Distance Running and Cherry Juice

In the last post I talked about how consumption of tart cherry juice decreased muscle soreness and reduced strength loss following eccentric induced muscle damage. However, my eccentric induced muscle damage comes from running downhill on rocky trails, not in the weight room. So, can tart cherry juice help that?

Long distance running (and racing) is known to cause acute muscle damage resulting in inflammation and decreased force production. There have been a number of proposed mechanisms to explain what happens. One theory is that there is myofibril (the sliding filaments in muscle) disruption which triggers a local inflammatory response which exacerbates the muscle damage. There is also free radical production which can cause secondary damage and further contribute to the already lowered force generating ability. Not a good thing. NSAIDs are used during (or after) competition to prevent or reduce pain during a race (I know, my husband is a user and I’ve been known to imbibe on occasion, albeit only when I am desperate). There are of course numerous potential adverse (and even life threatening) side effects of consuming NSAIDs during an endurance event--renal failure, gastrointestinal discomfort, to name a few. But sometimes the occasional ibuprofen can save the day.

Well, move over NSAIDs and welcome tart cherry juice.

Tart cherries (as previously mentioned) are a good source of phenolic compounds with high levels of antioxidant and anti-inflammatory activity. Thus, it is plausible that cherry consumption before and during strenuous exercise may reduce muscle damage and pain.

So, researchers put this to the test.

They did this during the Oregon Hood to Coast relay race where runners do repeated bouts of running over 315 km. It is a course that crosses two mountain ranges (i.e. lots of downhill running and thus lots of potential for muscle pain). They had 54 runners drink either a taste alike placebo or the real deal for 7 days prior to the race (1.5 cups, 2x per day - each drink was the equivalent of 45-50 cherries). They also drank 2 bottles during the race.

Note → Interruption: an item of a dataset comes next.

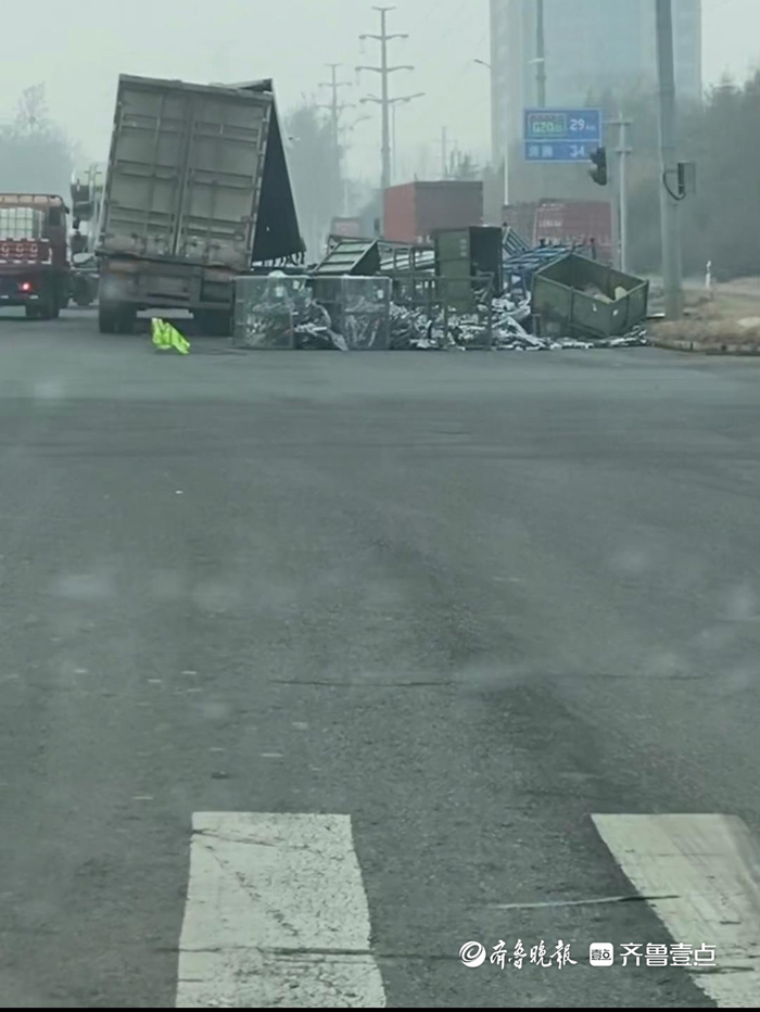 1月31日,济南情报员“chen”向齐鲁晚报官方客户端齐鲁壹点情报站报料称,今天下午两点十分左右,在潘王路与龙泉路十字路口,一辆货车的车厢开裂散架,大量货物撒了一地,所幸没有人员受伤。

After completing the race, both groups reported more pain (as compared to at the start), no surprise there. But the cherry guzzling group reported significantly less pain then the placebo group. The difference was actually quite impressive.... those juiced up on cherries averaged a 12 on the pain scale while those on the placebo averaged a 37 (0 is no pain, 100 is ‘most severe pain ever’).

Another study on marathon runners had a similar result. In this study, 20 recreational marathon runners drank either a juice or placebo drink for 5 days prior to, the day of and for 48 hours following a marathon run. Markers of muscle damage, muscle soreness, inflammatory markers, antioxidant status and oxidative stress were examined prior to and following the race. Isometric strength before and after was also measured.

Isometric strength recovered significantly faster, inflammation was reduced, antioxidant status was better and total oxidative stress was less in the cherry juice group. Pretty cool.

Personally, I buy and use the concentrate (I also buy frozen tart cherries to put into my smoothie). I put a couple of tablespoons into a glass of water with some ice (or even better with some Pellegrino). It really is quite tasty and refreshing.

As a side note, in 2018, I did the Leadwoman competition in Leadville, Colorado. This is a 5 race series which ends with a 100 mile run, which includes about 16,000 feet of ascending and descending. I drank loads of tart cherry juice the weeks prior and after the race. I expected to be extremely sore, but surprisingly two days later I had almost no residual musle soreness.  Part of that was doing lots of hilly training, but I do think the juice helped.